The Way Sports Should Be

Camden

If you’re a regular reader of this blog, you probably know that I’m not a big fan of the intense specialization increasingly going on today in the world of youth sports.  (See “Long Live the 3-Sport Athlete” at  //www.hyde.edu/2014/04/18/malcolms-blog/long-live-the-3-sport-athlete/ )

Here’s three reasons (and I have more) I’m uncomfortable with this trend:
1. It results in the law of diminishing returns;
2. It kills the fun in the given sport, often resulting in burn-out;
3. It can fuel a “center-of-the-universe” attitude among young athletes. (And speaking of “and I have more”… Don’t even get me started on the parents.)

During the past couple of weeks I had two experiences that left me thinking, “Man, this is the way sports should be.”

9/19/15 – The Ragged Mountain Scuttle in Camden, Maine
This is a unique 5K obstacle course at the Camden Snow Bowl. Running along the mountain trails, one is challenged by 20 obstacles ranging from climbing over walls to crawling under barriers to hoisting weighted pulls. (A particularly tough one requires participants to carry a tire up and down a very steep 150+- foot grade.)

Anyway, I can’t say for sure what possessed me, but I agreed to join Hyde-Bath cross-country coach McKayla Nuffer and the JV boys cross-country team in tackling this course.  At first, I was thinking that it was just a rigorous 5K jog through the woods… Uh-uh… It quickly became clear that it was going to be lot tougher than that. (And added to the challenge was the fact that it was an unseasonably hot and humid day.)

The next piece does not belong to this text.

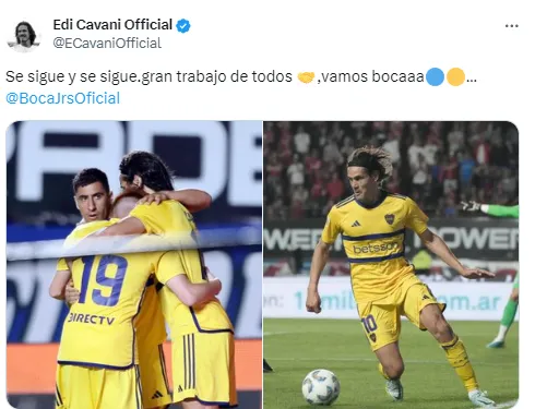 Luego de la igualdad 1-1 ante San Lorenzo en el Nuevo Gasómetro, Edinson Cavani escribió un mensaje de aliento en su cuenta de Twitter: “Se sigue y se sigue. Gran trabajo de todos. Vamos Boca”, posteó el uruguayo con dos fotos del encuentro contra el Ciclón.

At the beginning, the students seemed less than excited to be spending their Saturday morning doing “The Scuttle.” However at the end of it all, it was obvious that they were proud of the fact that each one of them had completed the course. (Hey, some of them were even willing to admit it!)

9/28/15 – JV Football vs. Lincoln County Club
Back in the late 90s, Bath faculty members Bud Cox, Bob Felt ’90, and Mike Dawes used to talk enthusiastically about this phenomenon they called “The Zen of JV Football.”  They carried the tradition to Woodstock a decade or so ago. On face value, the whole thing amounted to little more than an intense esprit de corps with some great humor (e.g., the hilarious JV nicknaming ceremony where each player received the nickname that would be his for life!) mixed in. On a deeper level, the approach fostered both a love and knowledge of a game that most of the participants would never be playing in any other school setting.

I’m positive that all three of those guys would love to have watched the recent game I saw versus the Lincoln County Club JV team on the Bath turf.  It was two evenly matched teams, neither with any stars, going at it hard and clean. Everybody got lots of playing time and the score was close.  In fact, the game wasn’t decided until the last play of the game when Lincoln connected on a “Hail Mary” end zone bomb. I dropped by in the first quarter intending to watch a few plays and wound up watching the whole thing. It was a bunch of teenagers of varying abilities having a lot of fun playing a challenging sport. Hmmm… What a concept!